Supplied data →
================

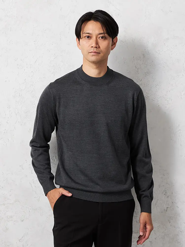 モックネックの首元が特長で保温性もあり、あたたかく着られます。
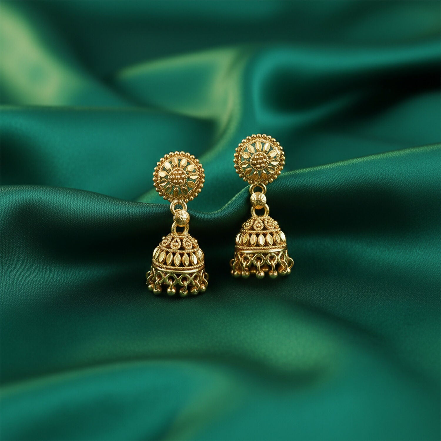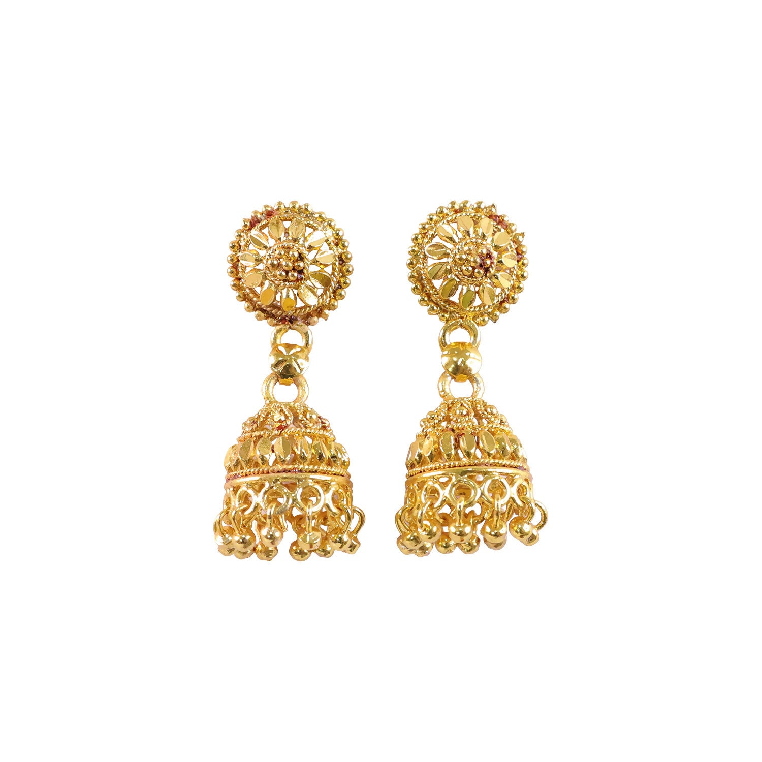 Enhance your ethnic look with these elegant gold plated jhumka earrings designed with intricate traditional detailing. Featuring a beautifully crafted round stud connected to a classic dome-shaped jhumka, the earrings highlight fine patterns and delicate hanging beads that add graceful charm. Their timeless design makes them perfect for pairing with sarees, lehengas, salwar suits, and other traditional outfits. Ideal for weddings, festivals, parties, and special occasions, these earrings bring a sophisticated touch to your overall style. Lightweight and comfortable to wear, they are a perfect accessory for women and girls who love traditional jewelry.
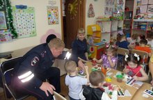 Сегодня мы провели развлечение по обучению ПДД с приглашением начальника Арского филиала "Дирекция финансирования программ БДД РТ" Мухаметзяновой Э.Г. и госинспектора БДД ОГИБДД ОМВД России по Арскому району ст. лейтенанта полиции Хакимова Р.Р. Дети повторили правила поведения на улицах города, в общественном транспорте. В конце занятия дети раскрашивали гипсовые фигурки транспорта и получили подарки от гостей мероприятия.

================

What to work on → Would you write out all of the data exactly as it stands, without the pictures?

Exercise output →
 モックネックの首元が特長で保温性もあり、あたたかく着られます。
 Enhance your ethnic look with these elegant gold plated jhumka earrings designed with intricate traditional detailing. Featuring a beautifully crafted round stud connected to a classic dome-shaped jhumka, the earrings highlight fine patterns and delicate hanging beads that add graceful charm. Their timeless design makes them perfect for pairing with sarees, lehengas, salwar suits, and other traditional outfits. Ideal for weddings, festivals, parties, and special occasions, these earrings bring a sophisticated touch to your overall style. Lightweight and comfortable to wear, they are a perfect accessory for women and girls who love traditional jewelry.
 Сегодня мы провели развлечение по обучению ПДД с приглашением начальника Арского филиала "Дирекция финансирования программ БДД РТ" Мухаметзяновой Э.Г. и госинспектора БДД ОГИБДД ОМВД России по Арскому району ст. лейтенанта полиции Хакимова Р.Р. Дети повторили правила поведения на улицах города, в общественном транспорте. В конце занятия дети раскрашивали гипсовые фигурки транспорта и получили подарки от гостей мероприятия.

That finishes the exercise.